The fifth term of an arithmetic sequence is 11. If the difference between two consecutive terms is 1, what is the product of the first two terms?
a , a+d, a+2d ..... a+(n-1)d
or
an = a +(n-1)d
a5 = a + 4 (1) = 11
so
a = 7
7 * 8 = 64-8 :)
56
To find the product of the first two terms of an arithmetic sequence, we need to determine the value of the first term.
Let's assume the first term of the arithmetic sequence is 'a', and the common difference between consecutive terms is 'd'.

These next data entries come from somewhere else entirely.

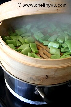 and when bright and tender, immediately cooling the beans in an ice bath or under cool running water. I simply chose to steam them for less 5 minutes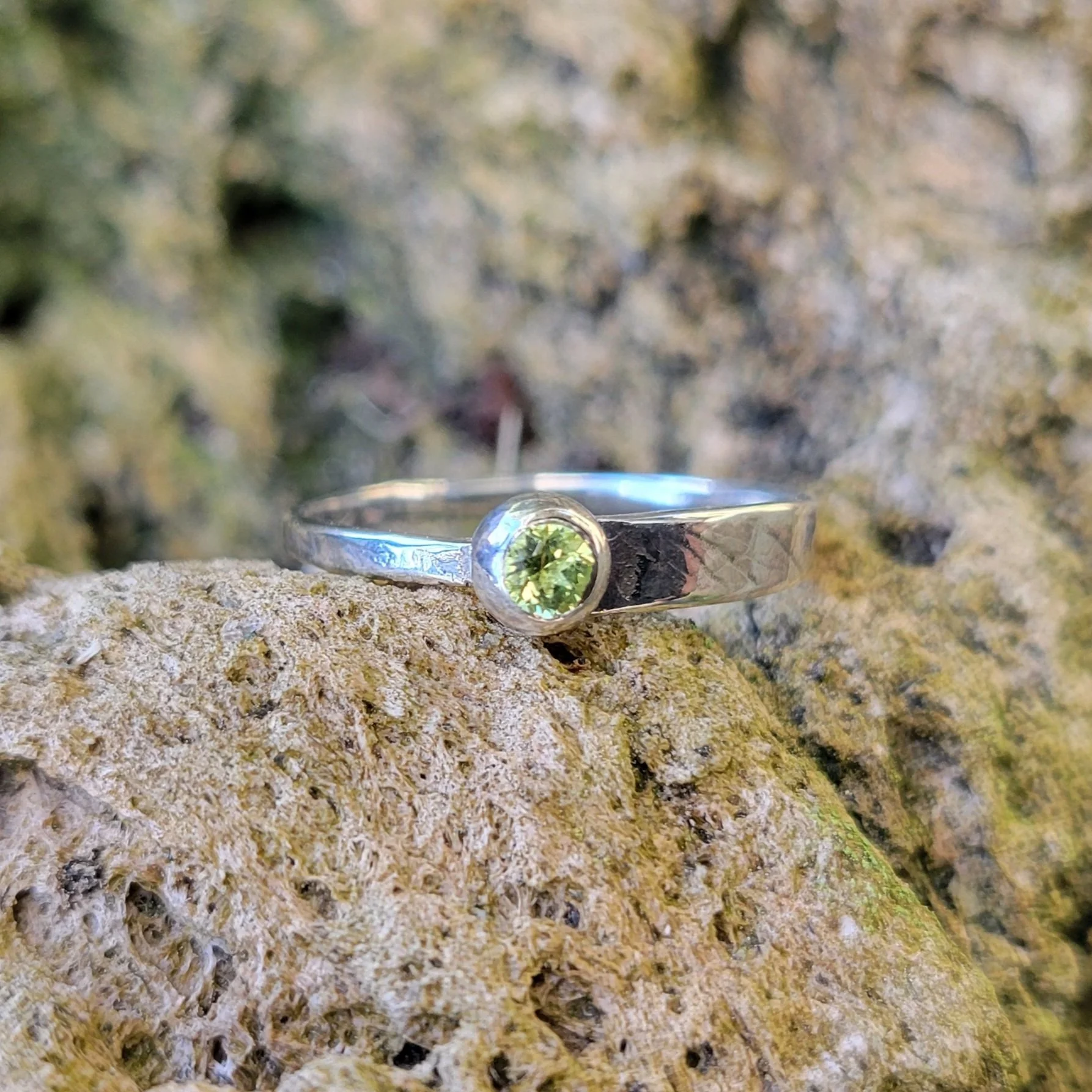 This sweet, green Peridot is completely natural, 3mm, and set in Fine Silver. The ‘wide to thin’ ring band is milled from 18 gauge sterling silver, and tapers from 3mm to roughly 1.6 mm. Hydrangea blossom is embossed into the silver and brought out by light patina. This ring has enough impact to stand alone and also would grace any ring stack it was paired with.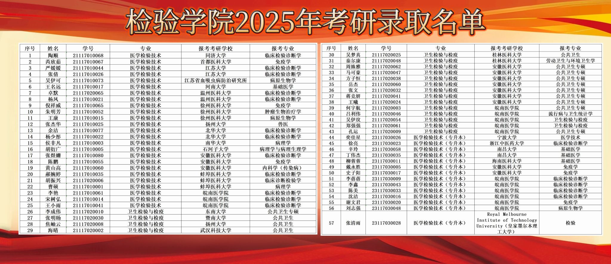 随着4月30日考研调剂系统的关闭,2025年研究生复试工作全面结束。2025届186名毕业生中,共考研拟录取57人,包括境内升学56人、境外留学1人,升学率达30.65%,再创升学率新纪录。其中,2021级医学检验技术专业升学率为31.65%、2021级卫生检验与检疫专业升学率为38.30%、2023级医学检验技术(专升本)专业升学率为23.33%,均为历史升学率最高纪录。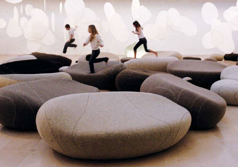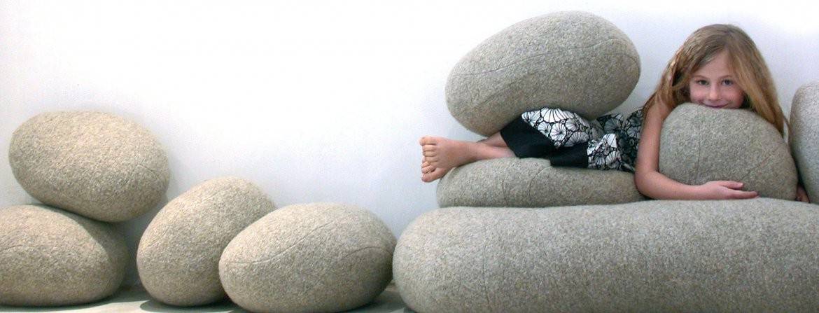 ▼他以100%的小羊毛打造出岩石枕头,而且有各种大小不一的尺寸,躺在里面就像真的躺在河床边的岩石上一样~
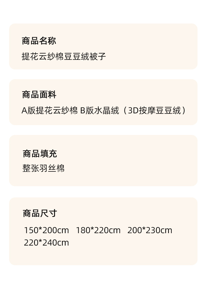 [{"sp_id":11,"sp_name":"\u989c\u8272","sp_format":2,"sp_list":[{"sp_value_id":1668,"sp_value_name":"\u5e78\u8fd0\u718a\u732b","sp_value_image":{"id":999,"path":"https:\/\/img3.91jf.com\/ghelp\/2025\/20251009\/20251009154446_794340.jpg"},"sp_value_video":{"id":0,"img":"","path":"","time":0,"download_num":0,"play_num":0},"price":"42.00","storage":3000,"weight":"1.800","is_check_weight":0,"plus_price":"","sp_sort":0}]},{"sp_id":27,"sp_name":"\u5c3a\u5bf8","sp_format":1,"sp_list":[{"sp_value_id":302,"sp_value_name":"150*200cm3.6\u65a4","sp_value_image":{"id":0,"path":""},"sp_value_video":{"id":0,"img":"","path":"","time":0,"download_num":0,"play_num":0},"price":"42.00","storage":500,"weight":"1.800","is_check_weight":0,"plus_price":"","sp_sort":5},{"sp_value_id":303,"sp_value_name":"150*200cm5.6\u65a4","sp_value_image":{"id":0,"path":""},"sp_value_video":{"id":0,"img":"","path":"","time":0,"download_num":0,"play_num":0},"price":"49.00","storage":500,"weight":"2.800","is_check_weight":0,"plus_price":"","sp_sort":6},{"sp_value_id":304,"sp_value_name":"150*200cm7.6\u65a4","sp_value_image":{"id":0,"path":""},"sp_value_video":{"id":0,"img":"","path":"","time":0,"download_num":0,"play_num":0},"price":"58.00","storage":500,"weight":"3.800","is_check_weight":0,"plus_price":"","sp_sort":7},{"sp_value_id":305,"sp_value_name":"200*230cm5.6\u65a4","sp_value_image":{"id":0,"path":""},"sp_value_video":{"id":0,"img":"","path":"","time":0,"download_num":0,"play_num":0},"price":"53.00","storage":500,"weight":"2.800","is_check_weight":0,"plus_price":"","sp_sort":8},{"sp_value_id":306,"sp_value_name":"200*230cm7.6\u65a4","sp_value_image":{"id":0,"path":""},"sp_value_video":{"id":0,"img":"","path":"","time":0,"download_num":0,"play_num":0},"price":"62.00","storage":500,"weight":"3.800","is_check_weight":0,"plus_price":"","sp_sort":9},{"sp_value_id":307,"sp_value_name":"200*230cm9.6\u65a4","sp_value_image":{"id":0,"path":""},"sp_value_video":{"id":0,"img":"","path":"","time":0,"download_num":0,"play_num":0},"price":"70.00","storage":500,"weight":"4.800","is_check_weight":0,"plus_price":"","sp_sort":10}]}]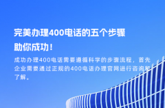 成功办理400电话需要遵循科学的步骤流程,首先企业需要通过正规的400电话办理官网进行咨询和了解。...
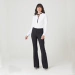 Modelagem Flare - Esse corte ajuda a alongar visualmente as pernas e equilibrar a silhueta.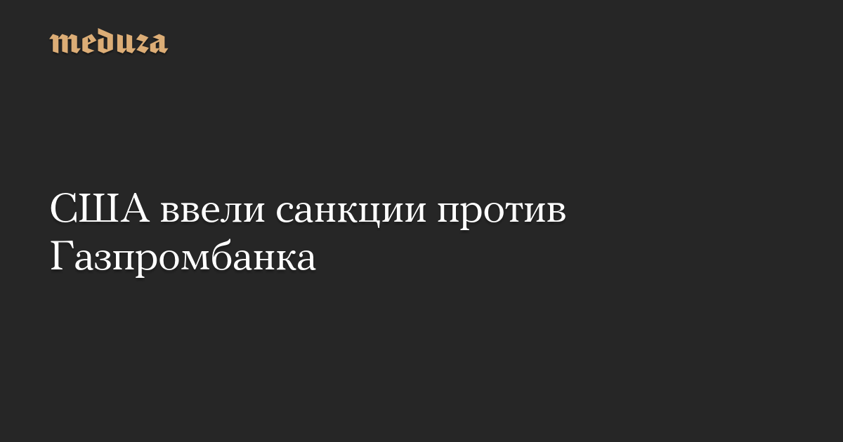 Под санкции попал Газпромбанк и шесть его зарубежных дочерних компаний. В сообщении Минфина сказано, что Россия использует банк, чтобы закупать военное снаряжение для ведения войны в Украине, а также перечислять выплаты российским военным. В Минфине США отметили, что санкции против Газпромбанка ранее ввели Великобритания, Австралия, Канада и Новая Зеландия.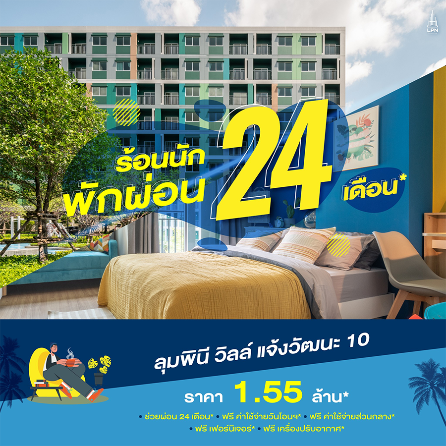ลุมพินี วิลล์ แจ้งวัฒนะ 10 มอบการพักแบบพิเศษให้! กับการพักการผ่อนให้ถึง 24 เดือน* แถมรับสิทธิพิเศษเพียบ! กับแคมเปญ ร้อนนัก พักผ่อน!
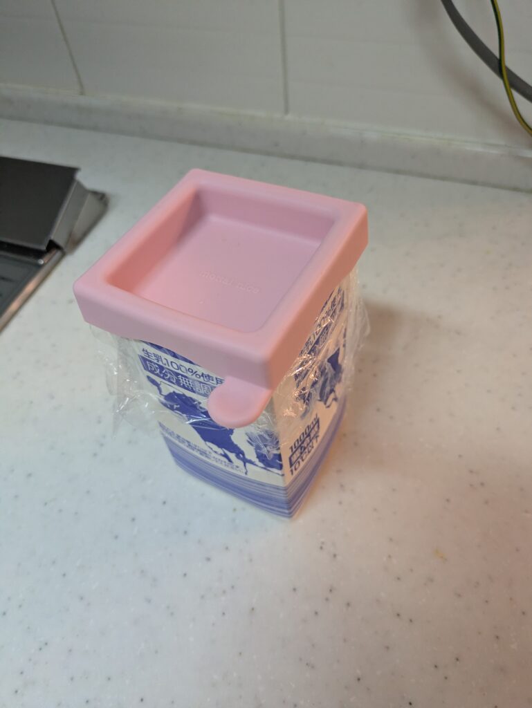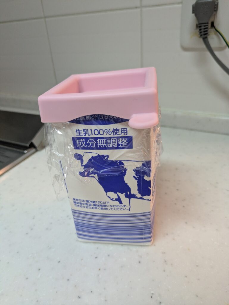 ただのシリコンのキャップに見えますが、これが牛乳パック(1Lサイズ)の口に気持ちいいくらい**「シンデレラフィット」**するんです。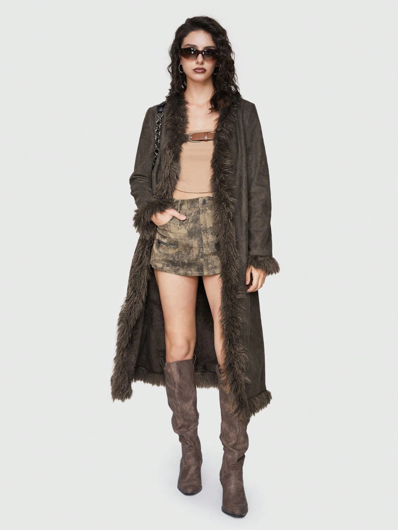 Grunge Punk Manteau long vintage Maillard avec doublure thermique et bordure avec pour femmes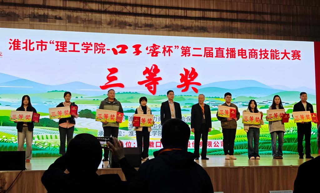 10月26日下午,淮北市“理工学院-口子窖杯”第二届直播电商技能大赛圆满落幕。jdb电子游戏官方网站以陈志操、徐新荣为队长,六位教师分别组合成淮理一束光和锦年新升两个团队历经初赛选拔成功突围,晋级决赛,并在决赛中斩获二等奖、三等奖的好成绩。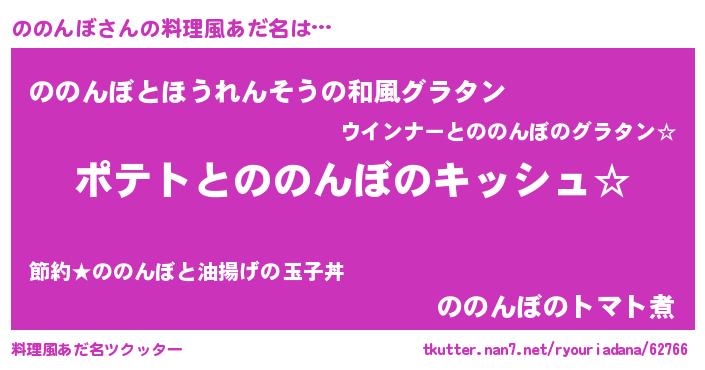 | 女子向けラノベタイトル風あだ名 | 『ののんぼの卵を拾いまして』 |
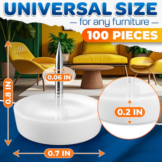 100 Pack Nylon Chair Leg Floor Protectors - Durable Nail-in Sliders for Wood Floors - Easy to Install, Smooth Gliding, Prevents Scratches and Dents

Given that the difference between two consecutive terms is 1, we can write the second term as 'a + d', the third term as 'a + 2d', and so on.
Since we are told that the fifth term of the sequence is 11, we can write this as:
a + 4d = 11
Now, let's substitute the value of 'a + 4d' into the equation:
a + 4d = 11
a = 11 - 4d
To find the product of the first two terms, we multiply 'a' and 'a + d':
(a) * (a + d)
Substitute the value of 'a' from the previous equation:
(11 - 4d) * (11 - 4d + d)
Simplify the expression:
(11 - 4d) * (11 - 3d)
Expand the expression:
121 - 33d + 12d - 4d^2
Combine like terms:
121 - 21d - 4d^2
The product of the first two terms is 121 - 21d - 4d^2.